Writing in the "Catholic Standard" of May 21, 1943, a paper to which she was a regular contributor for many years, my great aunt Eily recalled: ''Once, long ago, I sat in a College classroom and listened to the teaching of a man. The man afterwards went down gloriously in history as one of those who paid the price for the "glorious folly" of Easter week. But I, sitting at class, had no prophetic vision to see that end. His words impressed me of themselves. The talk had turned on happiness. This man's classes were like that. He educated, and the meaning of that word is in its Latin derivation--"e" or "ex", out of, and "duco", I lead--to lead forth, to draw out character, knowledge, wisdom, not to cram it in, which is real education...The discussion went back and forward round the table and then our teacher spoke: "Anyhow, who ever told us to expect happiness in this world?" he said.

"That phrase has often come into my mind since he spoke it. Truly it is only the fairy-tale which arranges for people to live happily ever after...."

For the Easter edition of the Standard in 1953 Eily referred back to MacDonagh in an extremely personal account of her experience of the 1916 Rising and hearing the news of MacDonagh's execution:

"Easter Week, 1916, is passing into the region of history. It is thirty-seven years ago, and yet, to those who were then young, when old heroic days seemed to have come back again, it does not seem so long ago. Odd to think that, with teenage eyes, some of us looked at the blackened ruins of the General Post Office, and saw rubble heaped up in the middle of O'Connell Street...Vivid still the memory of those heart-hurting moments when news came of execution after execution.

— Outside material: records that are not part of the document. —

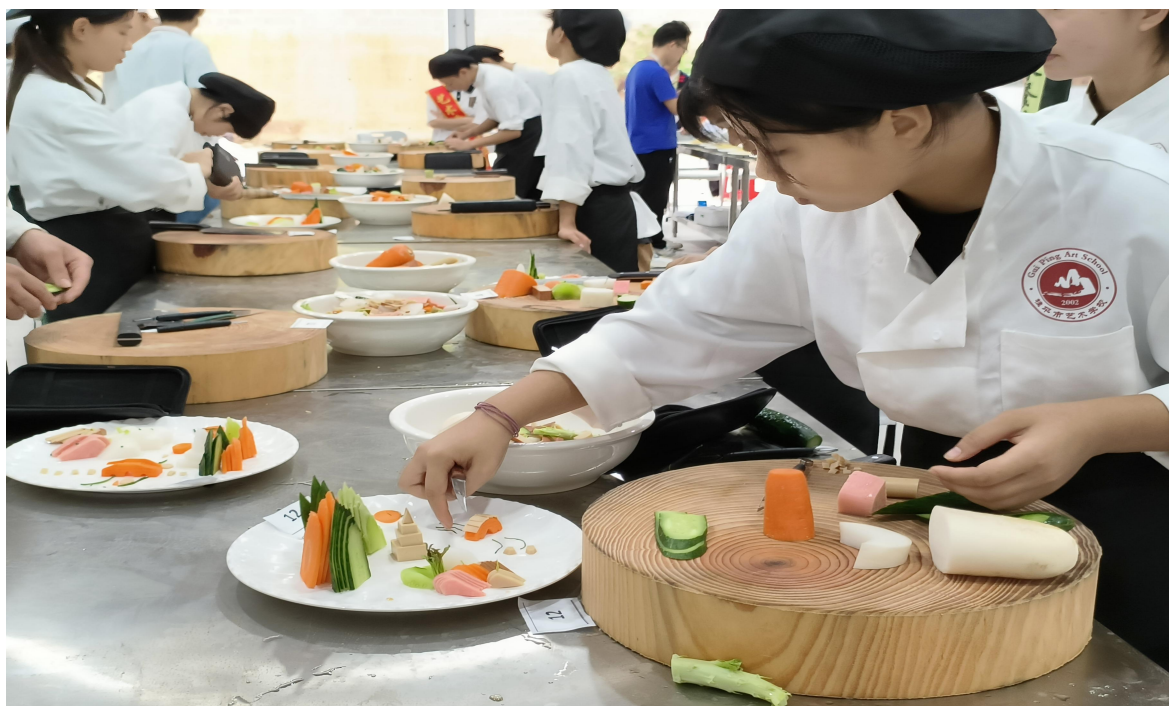
图 8 桂平市艺术学校举办第一节烹饪技能大赛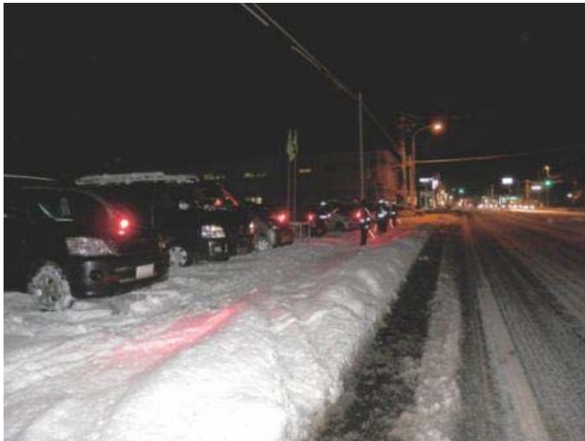
交通安全指導員会の皆さん

市内は今日以降も雪の日が続くと予報されています。市民の皆様、外出時は常に交通安全に心がけてくださるようお願いいたします。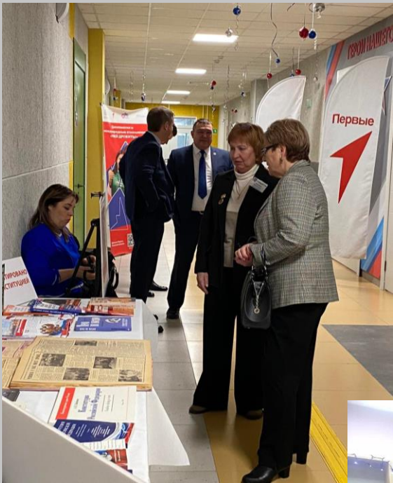
Заккрытие Года педагога и наставника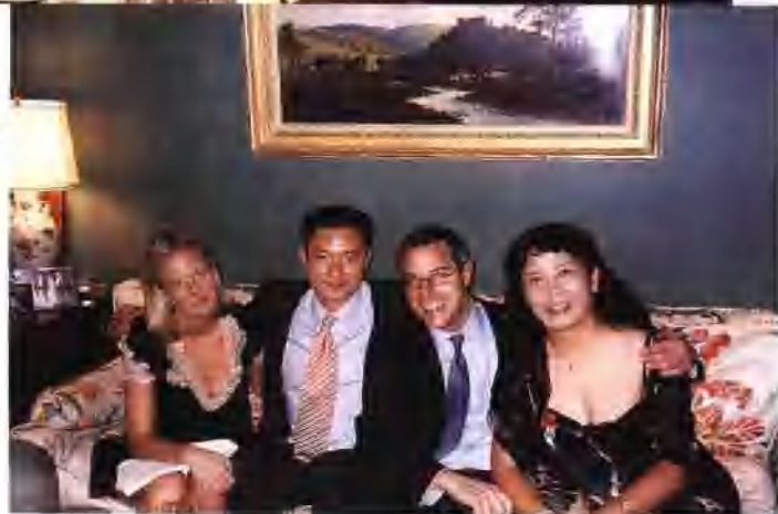
在公园大道凯瑞先生的府邸与友人欢聚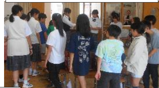
椅子取りゲームをやりながら爆弾ゲーム。2つに集中するのは難しい！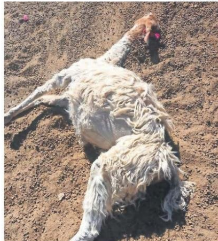
LOS POBLADORES QUIEREN APOYO DE LAS AUTORIDADES.

dan desarrollar las medidas necesarias para proteger sus ganados.

Most vivid, of course, the memory of the moment when the news was of the death by execution of one's own particular hero--reading in a brief newspaper paragraph the name of Thomas McDonagh, crumpling the paper to a ball as if, by crushing it, one could destroy the reality of what had been announced. And yet it was not a sad time. They had failed. Very well, they failed. But one had a sort of defiant pride in the fact that they had tried."

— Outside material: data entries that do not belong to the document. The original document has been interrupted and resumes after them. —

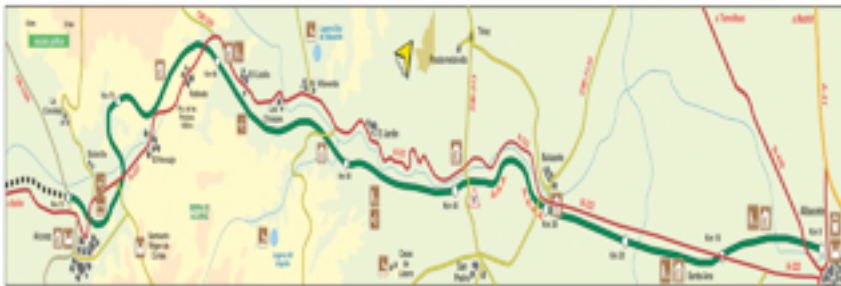
7. Mapa de la Vía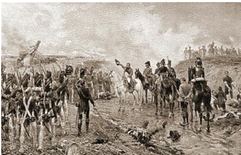
Наполеон и Старая гвардия перед последним сражением

на него не как на императора, защищающего свой престол от другого монархического претендента, но как на вождя войск послереволюционной Франции, который отправляется оборонять территорию от интервентов и от Бурбонов, идущих восстанавливать старый строй. Этот военный вождь был к тому же в глазах всего света, и друзей и врагов, неподражаемым мастером и художником в деле войны, гениальнейшим из всех когда-либо существовавших до того времени великих полководцев, виртуозом военной стратегии и тактики. Страна и стоявшая перед ней Европа замерли в ожидании.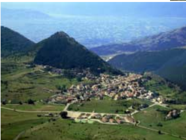
Ski Ressort in den Abruzzen

Cowling herunter. Unter den interessierten Blicken der italienischen Fliegerkollegen, welche ihre Erfahrungen mit dem UL Rotax maßgeblich in der P92 Echo haben, schauen wir uns die wichtigsten Punkte an. Unser Rotax 912 zeigt schon seit einigen Monaten einen leichten Ölaustritt dessen Ursache nicht ganz klar ist, zudem sind die Kerzen bei einem Zylinder deutlich dunkler als die anderen. Wir inspizieren die wichtigsten Punkte, können aber nichts feststellen. (Der Motor lief dann störungsfrei für den Rest der Reise).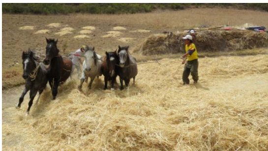
Foto 7. La trilla

La trilla. Es parecida a la minga, esta actividad empezó hacerse por la poca producción de los terrenos y por la baja economía, se realiza la trilla, no se arma barda, las bestias entran atadas y no se grita, pero se atiende a los asistentes, en esta actividad los participantes ganan Ayni, pues luego les devolverán el trabajo cuando ellos realicen sus mingas.

If Easter is a time of reflection and rededication for those of Christian faith, then it is also a time of reflection for united Irelanders.

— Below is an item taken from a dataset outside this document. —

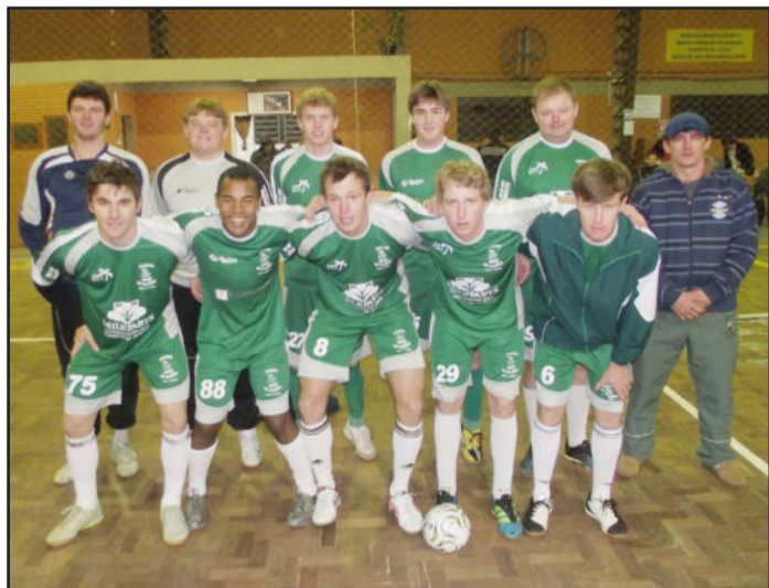
Morro do Alemão conquistou uma boa vitória na 10ª rodada

The much-cited “cherishing all of the children of the nation equally” is a central tenet of the manifesto that was the Proclamation of the Irish Republic, but deeper scrutiny is needed when we acknowledge that there are those who live here who do not feel part of the Irish nation. They may identify as Ulster British, they may be people who were born elsewhere and have chosen to call Ireland home.

If the Proclamation were being written today, no doubt the references to God and to Ireland as “she” and “her” would have to go. Likewise, the claims of legitimacy of the actions by referring to previous armed campaigns and the stuff about Ireland taking its place among the nations of the world. That doesn’t leave much, you’d think.

Actually, it leaves a lot. The Proclamation was a progressive statement of intent setting out a vision for a new Ireland. It acknowledged Ireland's Protestant minority of the time and committed to “guarantee(s) religious and civil liberty, equal rights and equal opportunities to all its citizens.”

Imagining a new Ireland has to include accepting different identities and acknowledging the fact that, despite having those different affinities of nationhood, we have one commonality of citizenship.

The discussion around identity has, for the most part, focused on a binary two traditions narrative, but that is something that we really need to expand upon.

If we truly want to integrate everyone who calls this island home into a new Ireland, then we need to expand the definition of Irishness to ensure that it embraces the cultural and traditional expressions of everyone.

When you strip out the pomp and hyperbole, united Irelanders can still have a defiant pride that the ideals of the Proclamation are as relevant now as they were 106 years ago.